1. A heat exchanger for providing charged air to an engine of a vehicle, comprising:

a plurality of heat exchange elements stacked together in between a pair of side plates, wherein ends of the plurality of heat exchange elements are received in a pair of headers to configure a fluid circuit; and

at least one passage formed in a first heat exchange element amongst the plurality of heat exchange elements, extending along with the plurality of heat exchange elements, wherein the first heat exchange element is formed above at least few heat exchange elements of the plurality of heat exchange elements.

2. The heat exchanger as claimed in claim 1, wherein the fluid circuit is configured to enable flow of charged air into the plurality of the heat exchange elements.

3. The heat exchanger as claimed in claim 2, further comprising:

an inlet adapted to coupled to a first header amongst the pair of headers to introduce the charged air to the plurality of heat exchange elements; and

an outlet adapted to coupled to a second header amongst the pair of headers to receive the charged air from the plurality of heat exchange elements.

4. The heat exchanger as claimed in claim 1, further comprising: a fin pattern formed between adjacent heat exchange elements of the plurality of heat exchange elements to enable heat exchange between the charged air in the first fluid circuit and ambient air flowing around the plurality of heat exchange elements.

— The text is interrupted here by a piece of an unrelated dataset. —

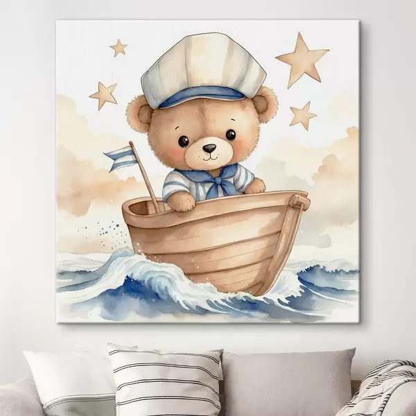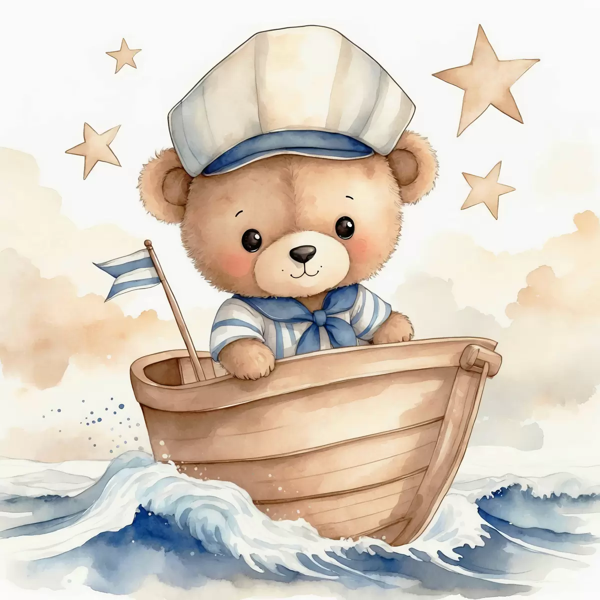 Glezna Jauks akvareļu lācis laivā Nr s40428

5. The heat exchanger as claimed in claim 1, further comprising: turbulators disposed in the plurality of heat exchange elements, except in the first heat exchange element, to cause pressure drop of the charged air flowing through the plurality of heat exchange elements.

6. The heat exchanger as claimed in claim 5, wherein the turbulators are connected to inside walls of the plurality of heat exchange elements by one shot brazing process.

7. The heat exchanger as claimed in claim 1, wherein the at least one passage being a rectangular passage, is brazed in the first heat exchange element by one shot brazing process.

8. The heat exchanger as claimed in claim 1, wherein the plurality of heat exchange elements is folded tubes.

9. The heat exchanger as claimed in claim 7, wherein the at least one passage has a brazing surface to enable brazing between the at least one passage and the first heat exchange element and to provide reinforcement to the at least one passage to resist pressure cycle and thermal cycle resistance.

10. The heat exchanger as claimed in claim 1, wherein the at least one passage is adapted to enable flow of the charged air there-through while the turbulators in the plurality of heat exchange elements are blocked by icing phenomenon.

11. The heat exchanger as claimed in claim 1, wherein the first heat exchange element is formed at a top of the plurality of heat exchange elements.